-- DATA FOR THIS TASK follows --
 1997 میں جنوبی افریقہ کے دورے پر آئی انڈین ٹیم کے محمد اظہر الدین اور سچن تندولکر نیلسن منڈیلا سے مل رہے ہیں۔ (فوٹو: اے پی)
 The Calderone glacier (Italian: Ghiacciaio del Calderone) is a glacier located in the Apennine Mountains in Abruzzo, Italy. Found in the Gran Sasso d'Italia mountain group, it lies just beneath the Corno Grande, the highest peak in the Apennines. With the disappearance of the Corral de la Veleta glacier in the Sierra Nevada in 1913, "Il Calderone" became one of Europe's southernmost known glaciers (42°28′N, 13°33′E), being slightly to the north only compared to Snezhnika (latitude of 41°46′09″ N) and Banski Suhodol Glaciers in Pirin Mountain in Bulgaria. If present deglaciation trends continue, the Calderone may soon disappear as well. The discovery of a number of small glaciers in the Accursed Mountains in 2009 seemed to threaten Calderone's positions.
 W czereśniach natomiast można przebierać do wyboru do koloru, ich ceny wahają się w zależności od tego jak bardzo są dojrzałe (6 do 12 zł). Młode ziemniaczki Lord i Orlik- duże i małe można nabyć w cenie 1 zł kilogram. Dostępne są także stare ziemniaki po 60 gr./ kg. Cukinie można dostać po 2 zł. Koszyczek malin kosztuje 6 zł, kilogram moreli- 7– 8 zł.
-- DATA FOR THIS TASK concluded --
-- DATA FOR THIS TASK follows --
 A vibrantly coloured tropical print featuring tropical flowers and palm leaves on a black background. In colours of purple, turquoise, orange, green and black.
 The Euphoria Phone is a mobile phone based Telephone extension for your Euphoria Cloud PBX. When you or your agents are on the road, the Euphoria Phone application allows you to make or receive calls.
-- DATA FOR THIS TASK concluded --
* PROBLEM DESCRIPTION
Which lines above run from the one containing "A vibrantly coloured" down to the one containing "The Euphoria Phone is"? Repeat exactly those, both ends included, and nothing else.

* ANSWER TO THIS TASK
 A vibrantly coloured tropical print featuring tropical flowers and palm leaves on a black background. In colours of purple, turquoise, orange, green and black.
 The Euphoria Phone is a mobile phone based Telephone extension for your Euphoria Cloud PBX. When you or your agents are on the road, the Euphoria Phone application allows you to make or receive calls.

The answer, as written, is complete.